RCW 74.09.756
Medicaid and state children's health insurance program demonstration project.
(1) By October 1, 2011, the department shall submit a request to the centers for medicare and medicaid services' innovation center and, if necessary, a request under section 1115 of the social security act, to implement a medicaid and state children's health insurance program demonstration project. The demonstration project shall be designed to achieve the broadest federal financial participation and, to the extent permitted under federal law, shall authorize:
(a) Establishment of base-year, eligibility group per capita payments, with maximum flexibility provided to the state for managing the health care trend and provisions for shared savings if per capita expenditures are below the negotiated rates. The capped eligibility group per capita payments shall: (i) Be based on targeted per capita costs for the full duration of the demonstration period; (ii) include due consideration and flexibility for unforeseen events, changes in the delivery of health care, and changes in federal or state law; and (iii) take into account the effect of the federal patient protection and affordable care act on federal resources devoted to medicaid and state children's health insurance programs. Federal payments for each eligibility group shall be based on the product of the negotiated per capita payments for the eligibility group multiplied by the actual caseload for the eligibility group;
(b) Coverage of benefits determined to be essential health benefits under section 1302(b) of the federal patient protection and affordable care act, 42 U.S.C. 18022(b), with coverage of benefits in addition to the essential health benefits as appropriate for distinct categories of enrollees such as children, pregnant women, individuals with disabilities, and elderly adults;
(c) Limited, reasonable, and enforceable cost sharing and premiums to encourage informed consumer behavior and appropriate utilization of health services, while ensuring that access to evidence-based, preventative and primary care is not hindered;
(d) Streamlined eligibility determinations;
(e) Innovative reimbursement methods such as bundled, global, and risk-bearing payment arrangements, that promote effective purchasing, efficient use of health services, and support health homes, accountable care organizations, and other innovations intended to contain costs, improve health, and incent smart consumer decision making;
(f) Clients to voluntarily enroll in the insurance exchange, and broadened enrollment in employer-sponsored insurance when available and deemed cost-effective for the state, with authority to require clients to remain enrolled in their chosen plan for the calendar year;
(g) An expedited process of forty-five days or less in which the centers for medicare and medicaid services must respond to any state request for changes to the demonstration project once it is implemented to ensure that the state has the necessary flexibility to manage within its eligibility group per capita payment caps; and
(h) The development of an alternative payment methodology for federally qualified health centers and rural health clinics that enables capitated or global payment of enhanced payments.

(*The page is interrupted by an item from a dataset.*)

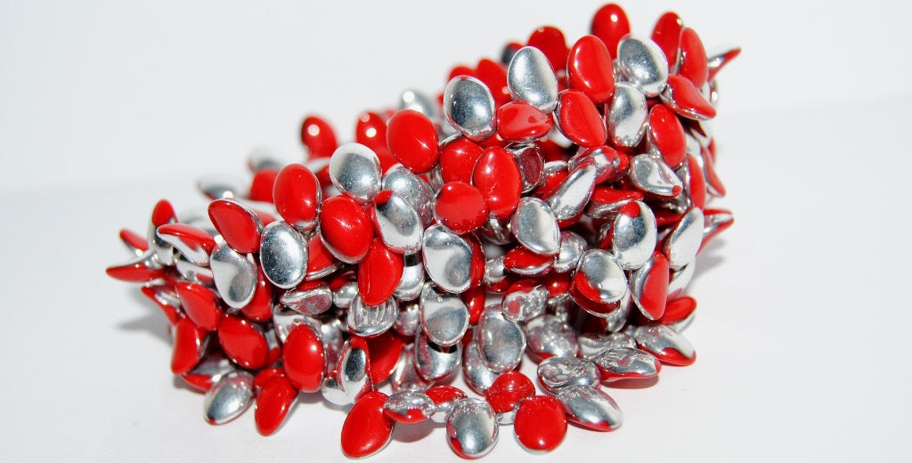 叶舌压制玻璃珠,红水晶银半涂层 (93190 27001),玻璃,捷克共和国

(2) The department shall provide status reports to the joint legislative select committee on health reform implementation as requested by the committee.
(3) The department shall provide multiple opportunities for stakeholders and the general public to review and comment on the request as it developed.
(4) The department shall identify changes to state law necessary to ensure successful and timely implementation of the demonstration project.
[ 2011 1st sp.s. c 1 § 2.]
NOTES:
Findings—2011 1st sp.s. c 1: "The legislature finds that mounting budget pressures combined with growth in enrollment and constraints in the medicaid program have forced open discussion throughout the country and in our state concerning complete withdrawal from the medicaid program. The legislature recognizes that a better and more sustainable way forward would involve new state flexibility for managing its medicaid program built on the success of the basic health plan and Washington's transitional bridge waiver, where elements of consumer participation and choice, benefit design flexibility, and payment flexibility have helped keep costs low. The legislature further finds that either a centers for medicare and medicaid services' innovation center project or a section 1115 demonstration project, or both, with capped eligibility group per capita payments would allow the state to operate as a laboratory of innovation for bending the cost curve, preserving the safety net, and improving the management of care for low-income populations." [ 2011 1st sp.s. c 1 § 1.]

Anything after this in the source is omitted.